* **Exercise directions**
For this exercise, copy exactly every line from the one holding "そこでゲットしてきたのが、ソ" through the end of the data, both included. Omit pictures.

::::

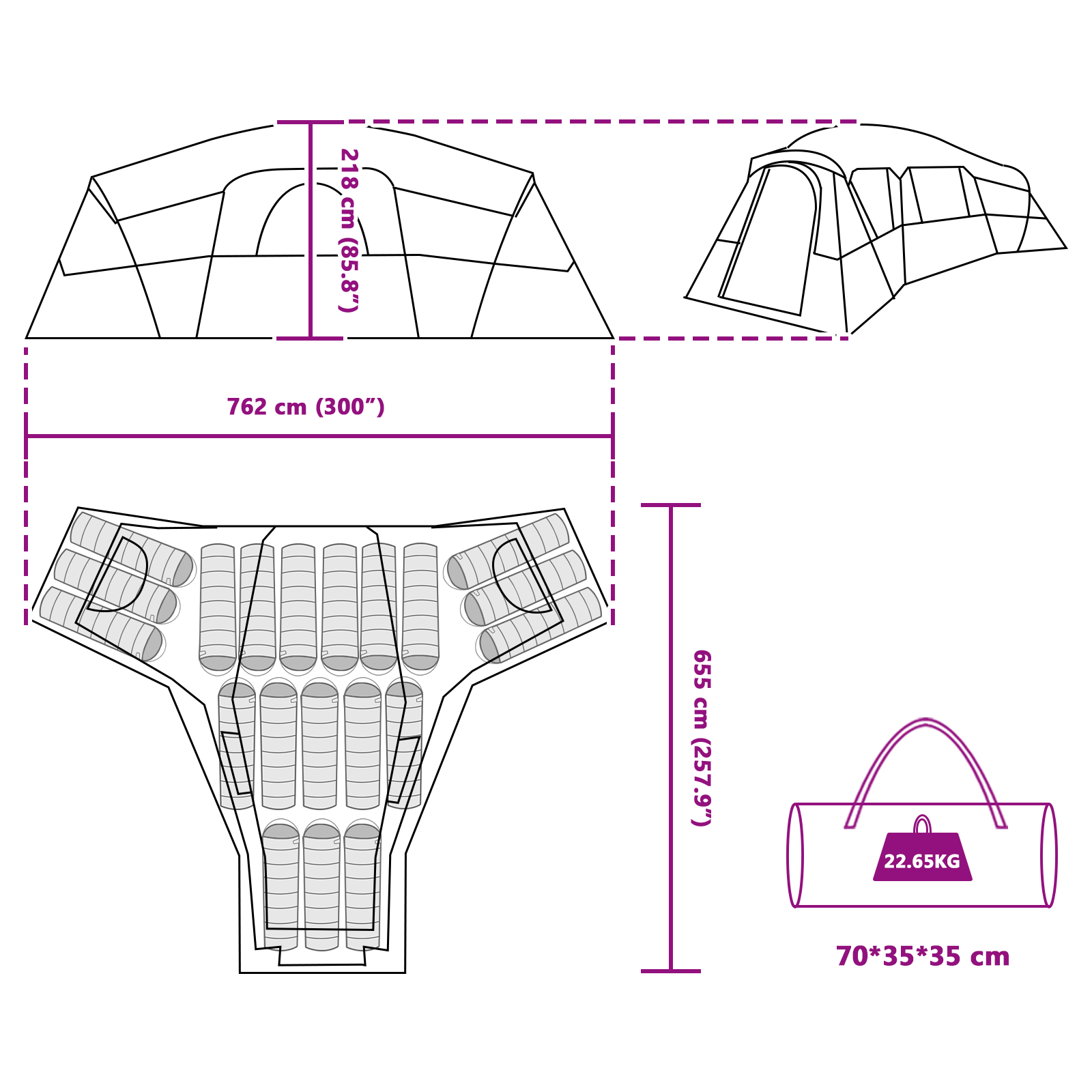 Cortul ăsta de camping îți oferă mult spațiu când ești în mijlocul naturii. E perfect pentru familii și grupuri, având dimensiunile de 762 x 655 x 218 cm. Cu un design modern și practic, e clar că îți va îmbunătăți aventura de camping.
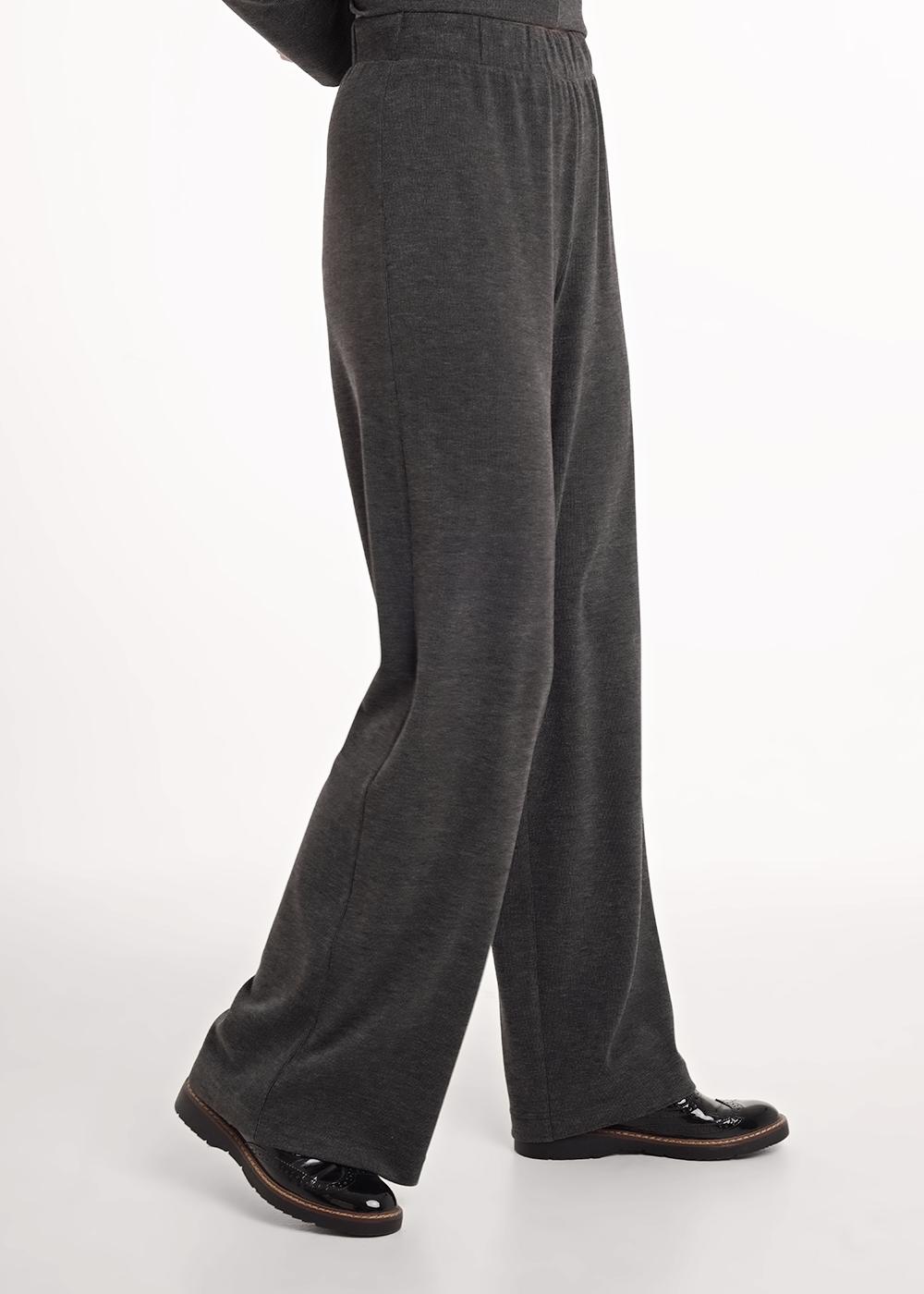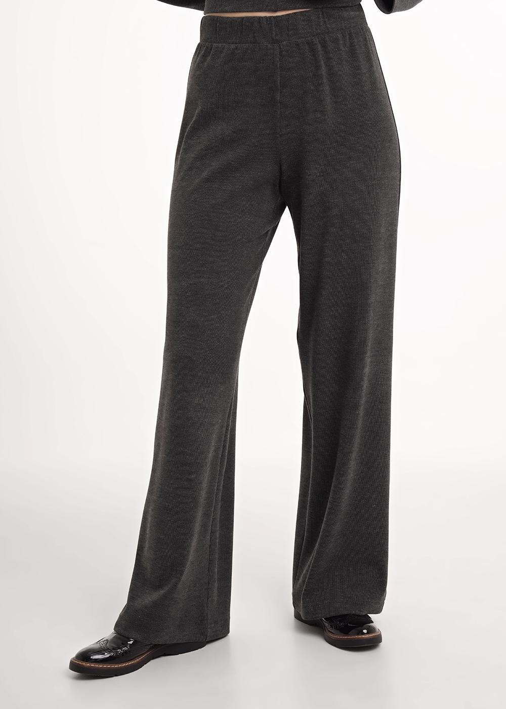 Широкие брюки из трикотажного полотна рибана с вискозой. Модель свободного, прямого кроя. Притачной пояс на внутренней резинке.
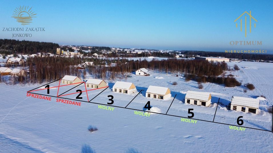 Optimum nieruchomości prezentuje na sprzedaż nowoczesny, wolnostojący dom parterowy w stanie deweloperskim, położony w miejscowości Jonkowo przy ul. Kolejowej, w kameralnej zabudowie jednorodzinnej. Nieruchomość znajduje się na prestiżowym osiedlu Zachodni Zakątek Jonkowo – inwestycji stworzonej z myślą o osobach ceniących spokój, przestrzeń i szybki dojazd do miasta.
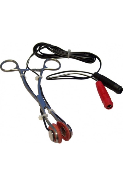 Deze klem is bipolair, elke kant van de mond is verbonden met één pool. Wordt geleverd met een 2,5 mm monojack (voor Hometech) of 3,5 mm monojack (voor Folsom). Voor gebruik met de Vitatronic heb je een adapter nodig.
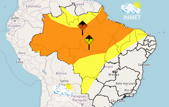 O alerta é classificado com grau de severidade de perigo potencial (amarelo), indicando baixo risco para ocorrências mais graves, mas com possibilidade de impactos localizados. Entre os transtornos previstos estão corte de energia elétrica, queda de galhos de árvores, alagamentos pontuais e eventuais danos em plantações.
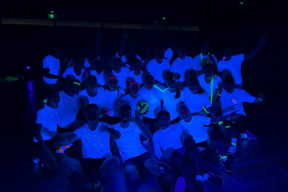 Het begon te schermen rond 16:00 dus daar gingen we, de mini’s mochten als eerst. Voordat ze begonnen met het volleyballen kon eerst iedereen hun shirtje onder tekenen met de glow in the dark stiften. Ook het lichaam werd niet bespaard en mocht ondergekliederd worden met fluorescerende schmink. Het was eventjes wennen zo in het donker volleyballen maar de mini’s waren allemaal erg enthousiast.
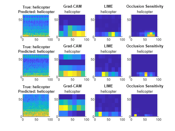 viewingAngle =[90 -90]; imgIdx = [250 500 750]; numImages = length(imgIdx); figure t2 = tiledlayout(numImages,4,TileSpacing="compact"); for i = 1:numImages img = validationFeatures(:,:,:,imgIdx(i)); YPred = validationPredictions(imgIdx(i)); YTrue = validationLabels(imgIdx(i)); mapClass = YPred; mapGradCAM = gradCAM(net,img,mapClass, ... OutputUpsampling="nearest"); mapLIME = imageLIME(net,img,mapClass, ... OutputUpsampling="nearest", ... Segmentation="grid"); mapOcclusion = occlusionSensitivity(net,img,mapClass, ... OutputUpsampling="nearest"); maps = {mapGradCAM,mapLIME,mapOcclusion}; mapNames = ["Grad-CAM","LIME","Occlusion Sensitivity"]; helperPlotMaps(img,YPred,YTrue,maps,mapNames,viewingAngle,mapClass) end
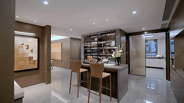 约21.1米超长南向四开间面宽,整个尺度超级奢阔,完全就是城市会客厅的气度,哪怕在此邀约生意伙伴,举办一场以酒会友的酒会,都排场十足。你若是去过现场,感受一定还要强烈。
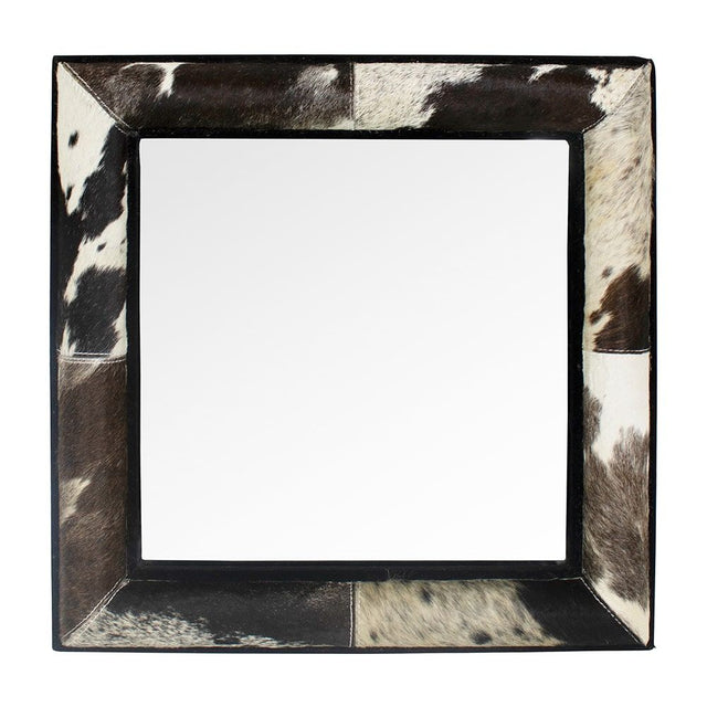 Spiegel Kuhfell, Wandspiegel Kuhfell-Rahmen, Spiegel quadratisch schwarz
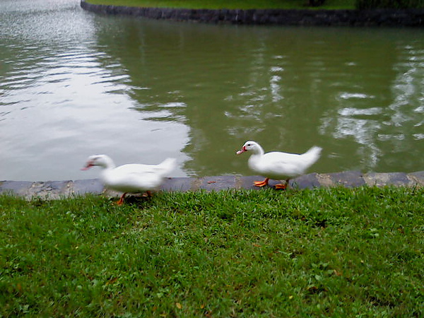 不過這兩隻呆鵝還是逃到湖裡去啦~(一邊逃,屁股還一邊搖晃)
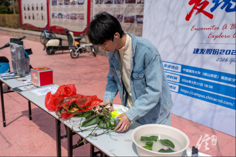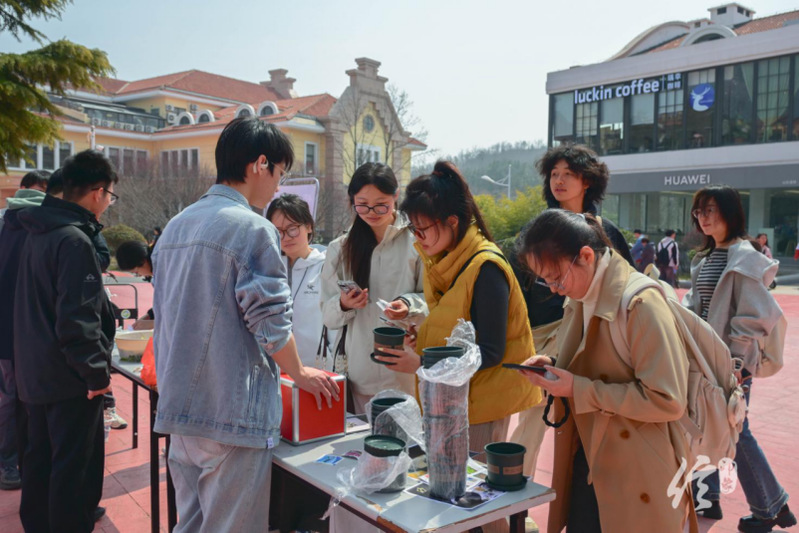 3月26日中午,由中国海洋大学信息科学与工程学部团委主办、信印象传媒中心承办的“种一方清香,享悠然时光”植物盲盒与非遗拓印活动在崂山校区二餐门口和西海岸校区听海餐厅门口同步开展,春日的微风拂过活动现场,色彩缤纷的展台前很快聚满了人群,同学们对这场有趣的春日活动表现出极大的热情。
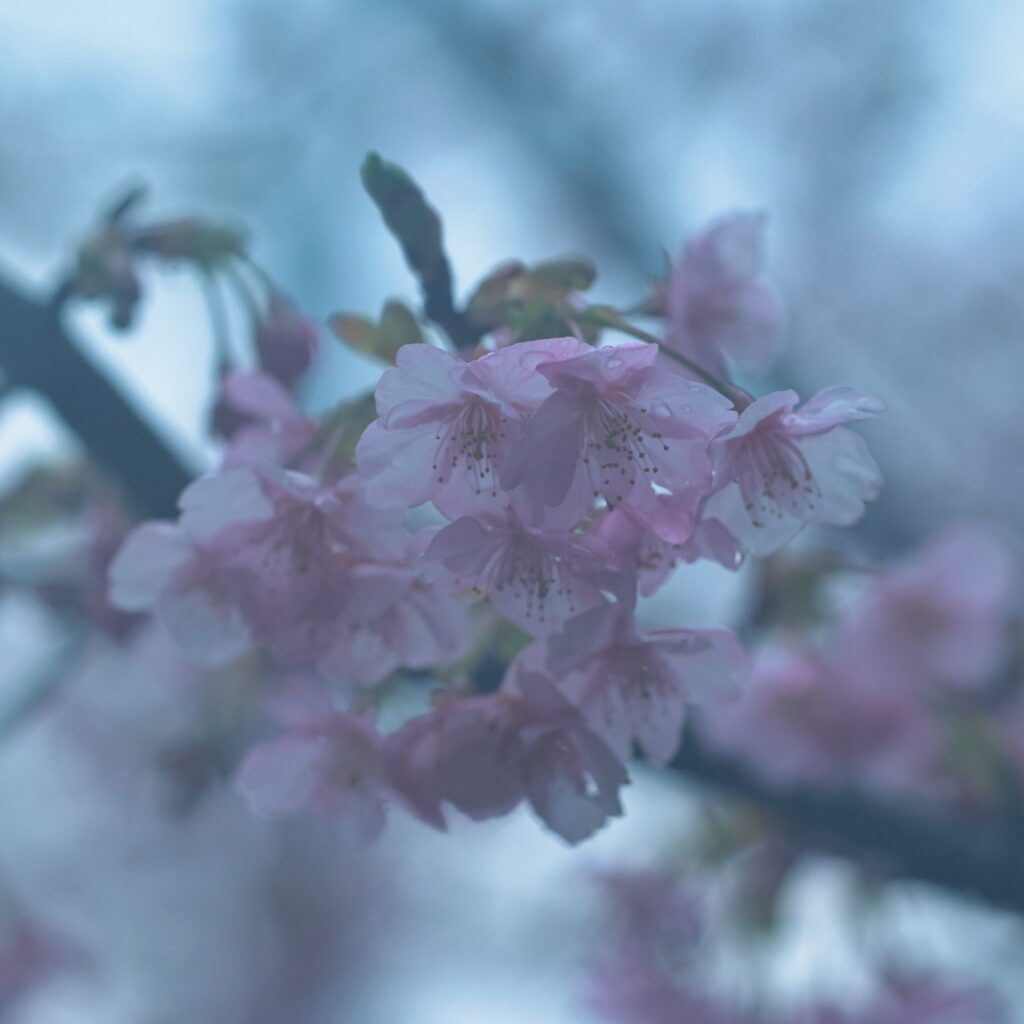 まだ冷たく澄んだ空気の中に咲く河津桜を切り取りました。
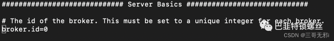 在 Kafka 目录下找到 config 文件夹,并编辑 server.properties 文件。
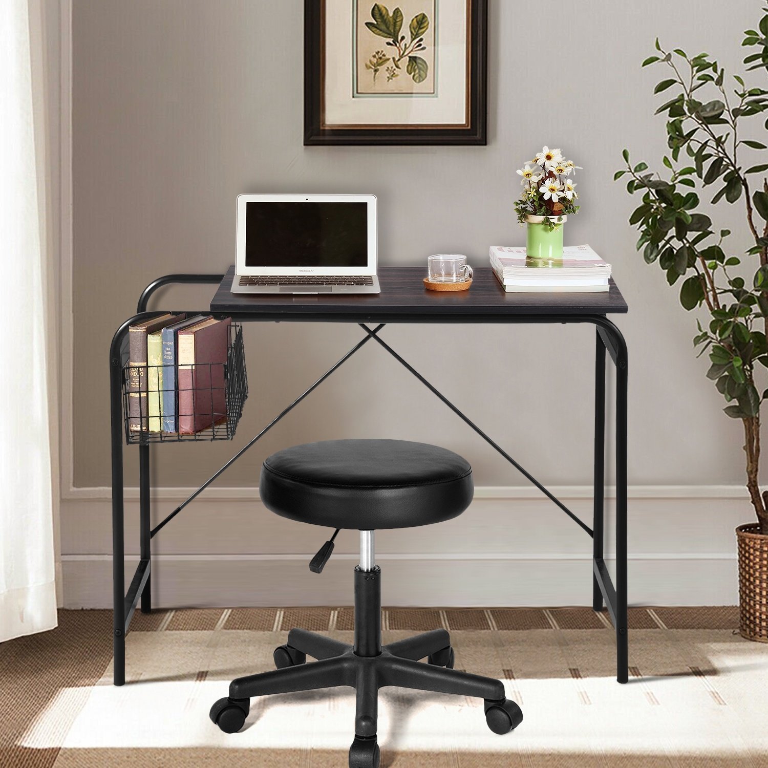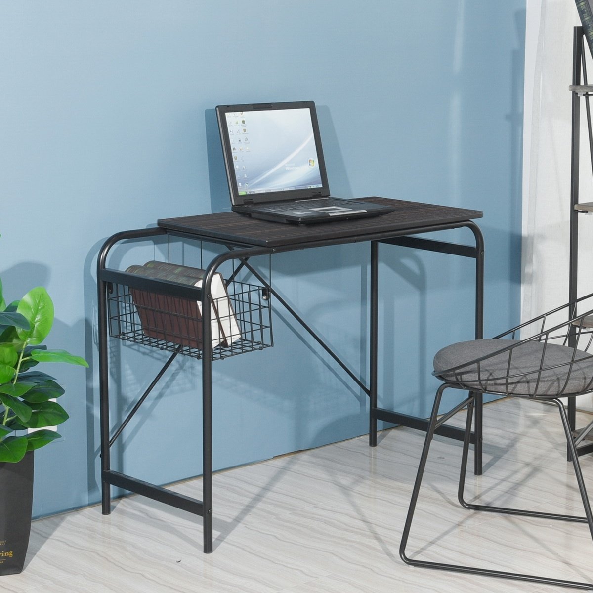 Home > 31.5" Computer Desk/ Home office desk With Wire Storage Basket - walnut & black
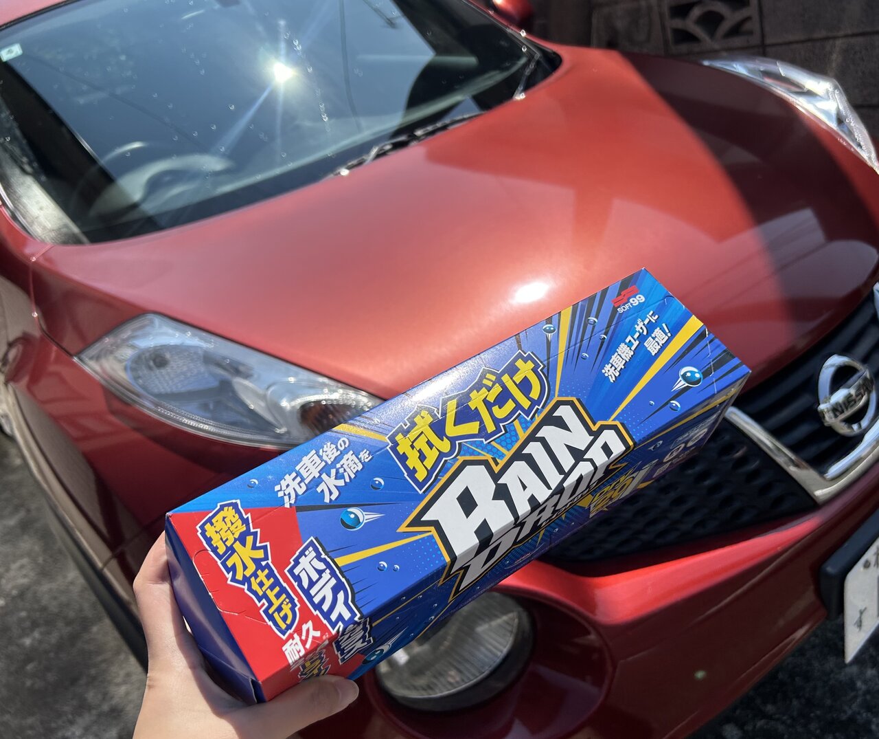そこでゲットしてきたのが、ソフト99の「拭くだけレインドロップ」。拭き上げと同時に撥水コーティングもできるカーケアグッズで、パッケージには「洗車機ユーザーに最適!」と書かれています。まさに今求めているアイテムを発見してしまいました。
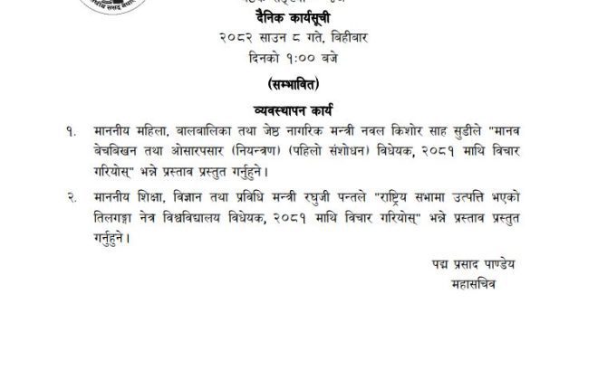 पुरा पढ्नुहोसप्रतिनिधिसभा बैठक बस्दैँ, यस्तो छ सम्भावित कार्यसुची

::::

* **Written answer**
そこでゲットしてきたのが、ソフト99の「拭くだけレインドロップ」。拭き上げと同時に撥水コーティングもできるカーケアグッズで、パッケージには「洗車機ユーザーに最適!」と書かれています。まさに今求めているアイテムを発見してしまいました。
 पुरा पढ्नुहोसप्रतिनिधिसभा बैठक बस्दैँ, यस्तो छ सम्भावित कार्यसुची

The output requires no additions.